* HOW TO COMPLETE THIS TASK
Pictures aside, quote the whole listing exactly.

* COLLECTED MATERIAL
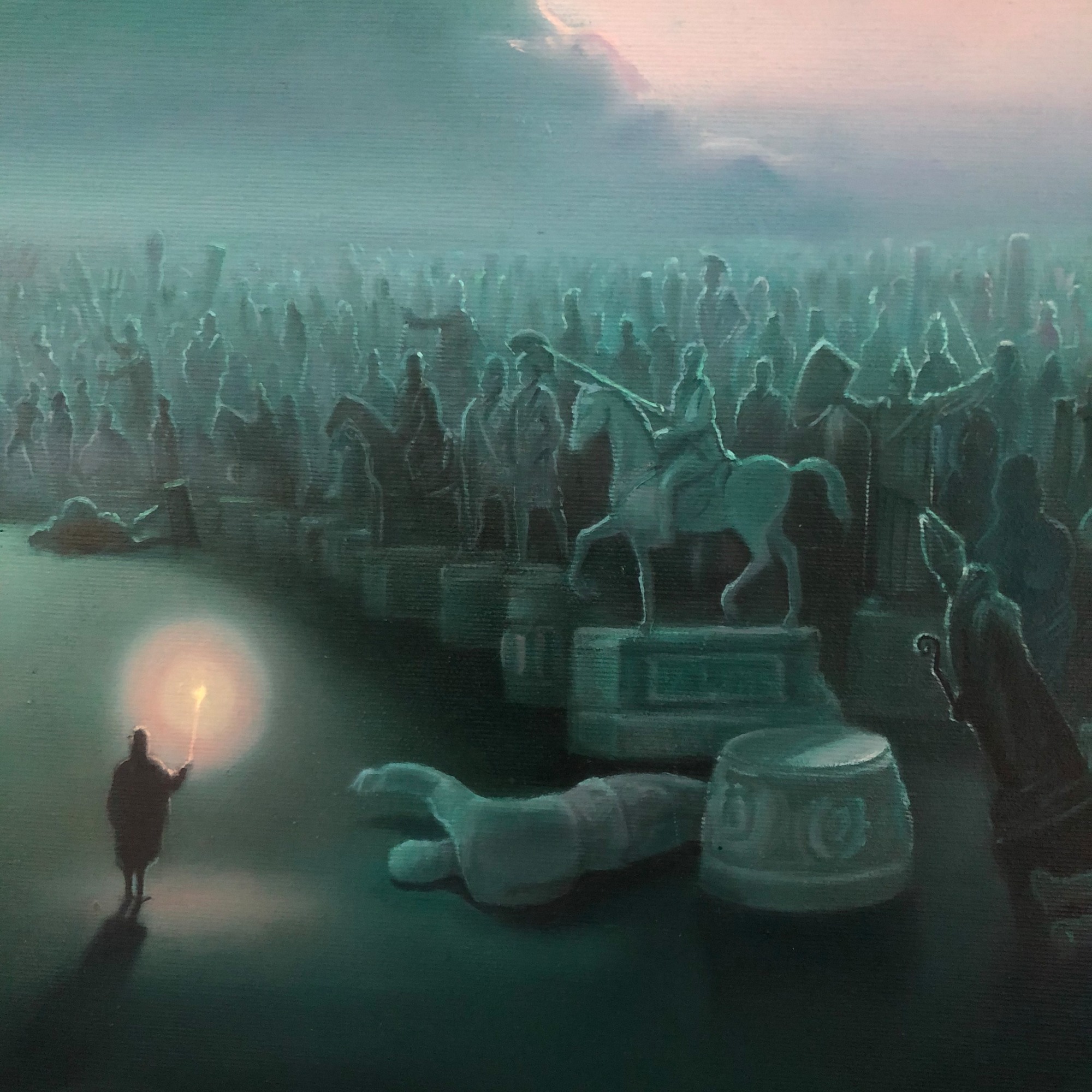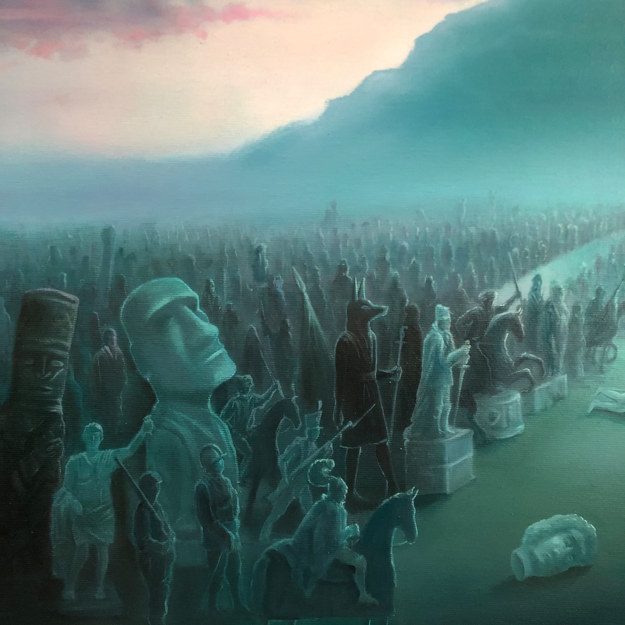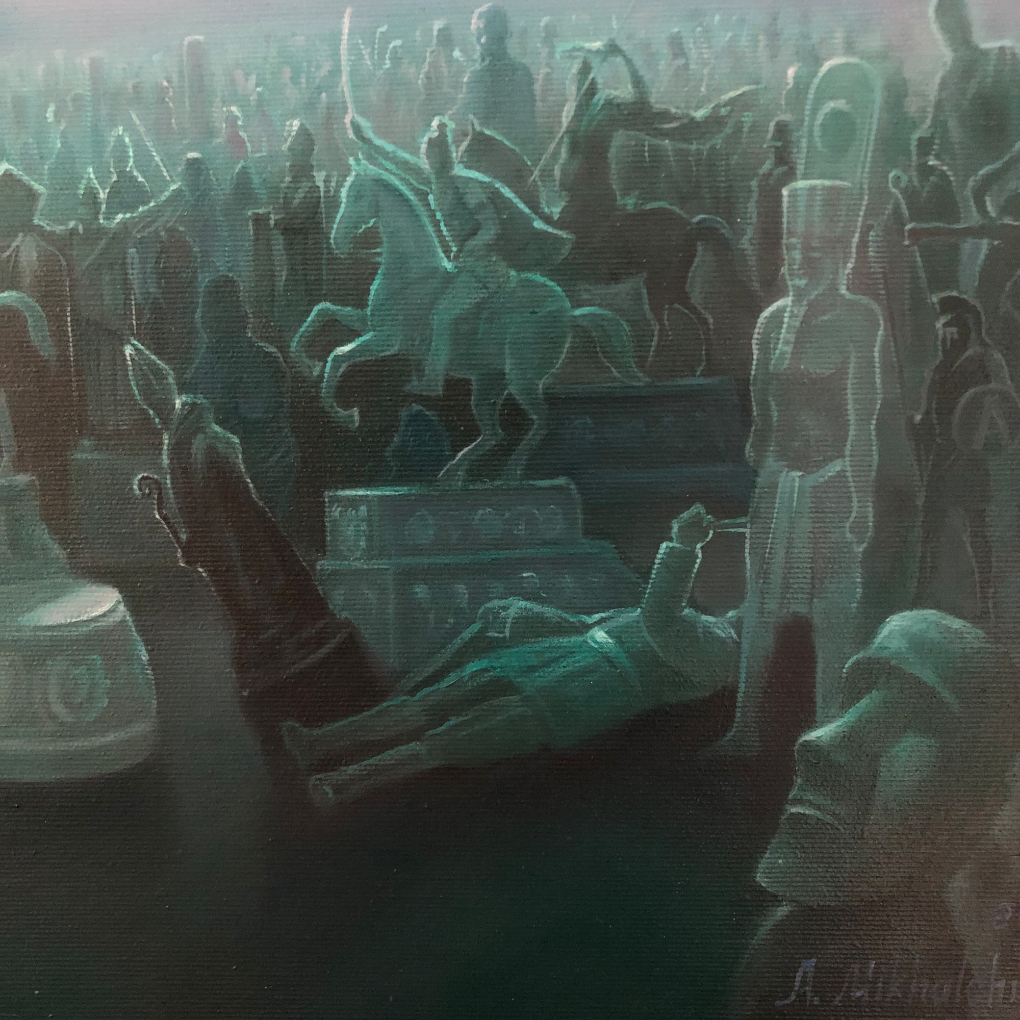 Valley of Vanity. Oil on canvas. Mankind has created idols for itself throughout history. Some go to their places, others come. Oblivion. Time will consume everyone. This is the original painting.
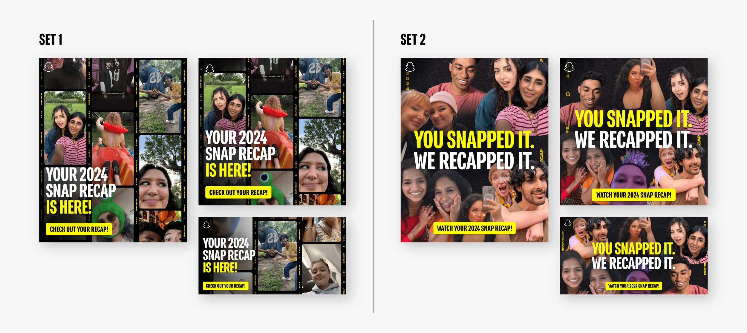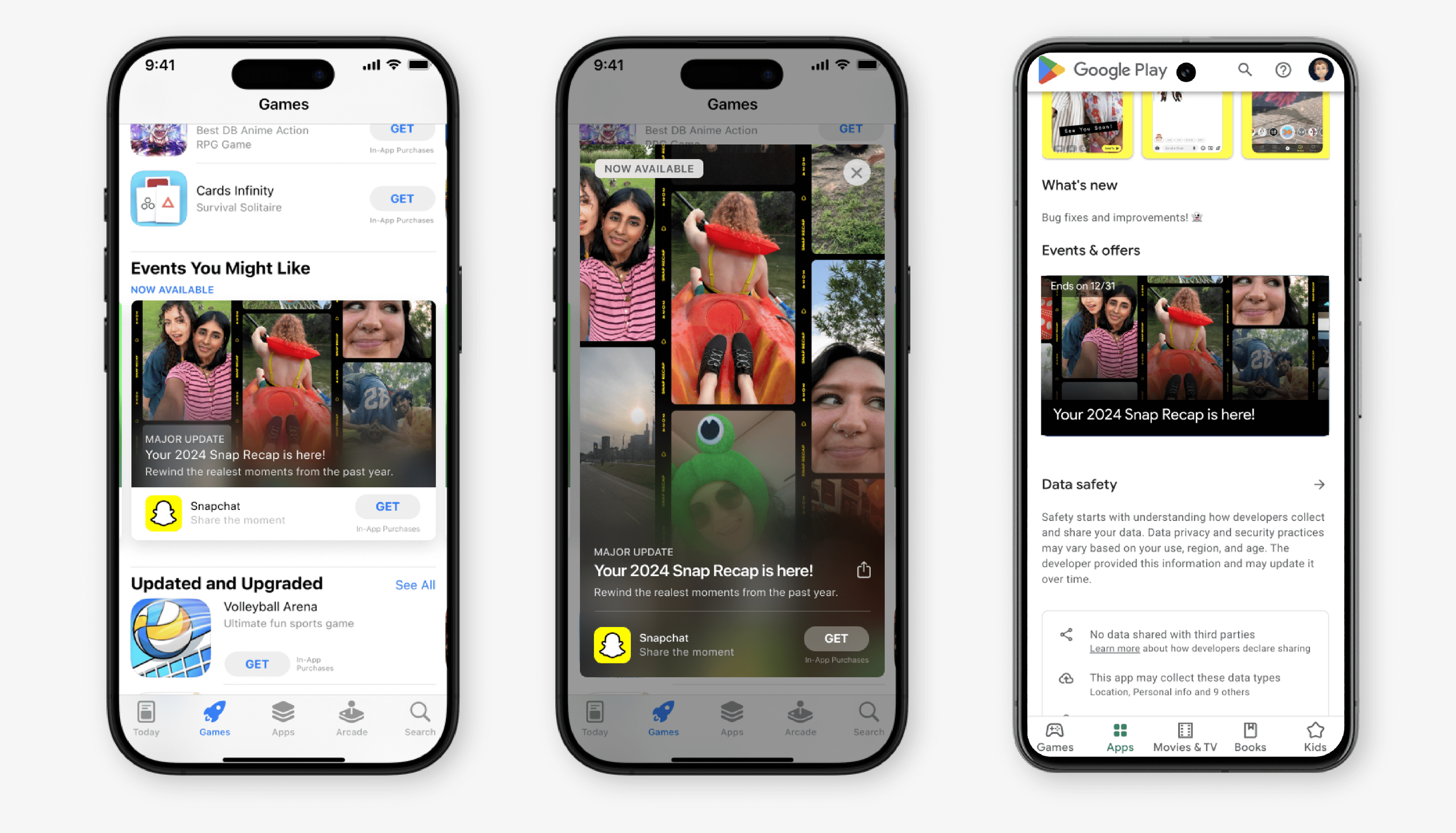 Assets created to highlight Snapchat and the 2024 Snap Recap through several promotional placements across Apple and Google.
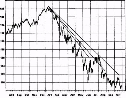 более высоких максимумов осталась ненарушенной даже после июньского пробоя линии тренда. Аналогичным образом, рис. 3.12 идентичен рис. 3.5 с той лишь разницей, что изображаемый период продолжен на пять месяцев. Нижняя линия на рис. 3.12 представляет линию повышательного тренда, которую можно было бы нанести, опираясь на новые данные. Верхняя линия воспроизводит трендовую линию рис. 3.5, построенную на информации, имевшейся до января. Январский пробой этой линии не привел к развороту тенденции, а просто сделал необходимой корректировку трендовой линии. На рис. 3.13 представлен аналогичный пример для понижательной линии тренда. Этот рисунок идентичен рис. 3.6 за исключением того, что изображаемый период продолжен на два месяца. Верхняя линия на рис. 3.13 представляет понижательную линию тренда, которую можно было бы нанести, опираясь на новые данные. Нижняя линия воспроизводит трендовую линию рис. 3.6, построенную на информации, имевшейся до мая. Майский пробой этой линии не привел к развороту тенденции, а просто сделал необходимой корректировку трендовой линии. ГЛАВА 3. тенденций 53 Рисунок 3.14. ДВОЙНАЯ КОРРЕКТИРОВКА ЛИНИИ ПОНИЖАТЕЛЬНОГО ТРЕНДА: НЕПРЕРЫВНЫЕ ФЬЮЧЕРСЫ НА ИНДЕКС ФРАНЦУЗСКИХ ОБЛИГАЦИЙ НА БИРЖЕ MATIF
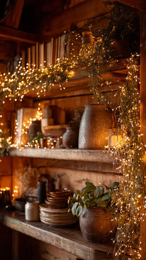 String lights are the heartbeat of holiday décor, but warm amber tones give them that rustic cabin glow. When I drape them over shelves or weave them through garlands, the whole room shifts into this soft, dreamy mood. The warm light bounces off wood and metal in ways that feel cozy instead of harsh. It’s that subtle “wow, this feels good” moment guests notice but can’t always pinpoint. Isn’t atmosphere everything during the holidays? Lighting is your silent storyteller.

* EXPECTED ANSWER
 Valley of Vanity. Oil on canvas. Mankind has created idols for itself throughout history. Some go to their places, others come. Oblivion. Time will consume everyone. This is the original painting.
 Assets created to highlight Snapchat and the 2024 Snap Recap through several promotional placements across Apple and Google.
 более высоких максимумов осталась ненарушенной даже после июньского пробоя линии тренда. Аналогичным образом, рис. 3.12 идентичен рис. 3.5 с той лишь разницей, что изображаемый период продолжен на пять месяцев. Нижняя линия на рис. 3.12 представляет линию повышательного тренда, которую можно было бы нанести, опираясь на новые данные. Верхняя линия воспроизводит трендовую линию рис. 3.5, построенную на информации, имевшейся до января. Январский пробой этой линии не привел к развороту тенденции, а просто сделал необходимой корректировку трендовой линии. На рис. 3.13 представлен аналогичный пример для понижательной линии тренда. Этот рисунок идентичен рис. 3.6 за исключением того, что изображаемый период продолжен на два месяца. Верхняя линия на рис. 3.13 представляет понижательную линию тренда, которую можно было бы нанести, опираясь на новые данные. Нижняя линия воспроизводит трендовую линию рис. 3.6, построенную на информации, имевшейся до мая. Майский пробой этой линии не привел к развороту тенденции, а просто сделал необходимой корректировку трендовой линии. ГЛАВА 3. тенденций 53 Рисунок 3.14. ДВОЙНАЯ КОРРЕКТИРОВКА ЛИНИИ ПОНИЖАТЕЛЬНОГО ТРЕНДА: НЕПРЕРЫВНЫЕ ФЬЮЧЕРСЫ НА ИНДЕКС ФРАНЦУЗСКИХ ОБЛИГАЦИЙ НА БИРЖЕ MATIF
 String lights are the heartbeat of holiday décor, but warm amber tones give them that rustic cabin glow. When I drape them over shelves or weave them through garlands, the whole room shifts into this soft, dreamy mood. The warm light bounces off wood and metal in ways that feel cozy instead of harsh. It’s that subtle “wow, this feels good” moment guests notice but can’t always pinpoint. Isn’t atmosphere everything during the holidays? Lighting is your silent storyteller.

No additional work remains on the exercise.